If a machine had been at hand whereby 15 or 20 acres per day could have
been plowed and harrowed, thousands would have invoked its aid to enable
them to sow their Grain in tolerable season, even though the cost had
been essentially heavier than that of old-fashioned plowing. I traversed
Illinois on the 13th and 14th of May, 1859, when its entire soil seemed
soaked and sodden with incessant rains, which had not yet ceased
pouring. Inevitably, there had been little or no plowing yet for the
vast Corn-crop of that State; yet barely two weeks would intervene
before the close of the proper season for Corn-planting. Even if these
should be wholly favorable, the plowing could not be effected in season,
and much ground must be planted too late or not planted at all. In every
such case, a machine that would plow six or eight furrows as fast as a
man ought to walk, would add immensely to the year's harvest, and be
hailed as a general blessing.
I recollect that a German observer of Western cultivation--a man of
decided perspicacity and wide observation--recommended that each farmer
who had not the requisite time or team for getting in his Corn-crop in
due season should plow single furrows through his field at intervals of
3 to 3-1/2 feet, plant his Corn on the earth thus turned, and proceed,
so soon as his planting was finished, to plow out the spaces as yet
undisturbed between the springing rows of Corn. I do not know that this
recommendation was ever widely followed; but I judge that, under certain
circumstances, it might be, to decided advantage and profit.

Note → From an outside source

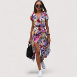 Machen Sie einen unvergesslichen Auftritt mit diesem fantastischen Wickelkleid mit Blumenmuster, das sich anmutig bewegt und Ihre Figur schmeichelt. Egal, ob Sie durch die Stadt schlendern oder zum Essen ausgehen, es bietet Stil und Komfort zugleich. Leicht zu tragen, noch leichter zu lieben.

I have not attempted to indicate all the benefits which Steam is to
confer directly on Agriculture, within the next half-century. That
Irrigation must become general, I confidently believe; and I anticipate
a very extensive sinking of wells, at favorable points, in order that
water shall be drawn therefrom by wind or steam to moisten and enrich
the slopes and plains around them. Such a locomotive as I have
foreshadowed might be taken from well to well, pumping from each in an
hour or two sufficient water to irrigate several of the adjacent acres;
thus starting a second crop of Hay on fields whence the first had been
taken, and renewing verdure and growth where we now see vegetation
suspended for weeks, if not months. I feel sure that the mass of our
farmers have not yet realized the importance and beneficence of
Irrigation, nor the facility wherewith its advantages may be secured.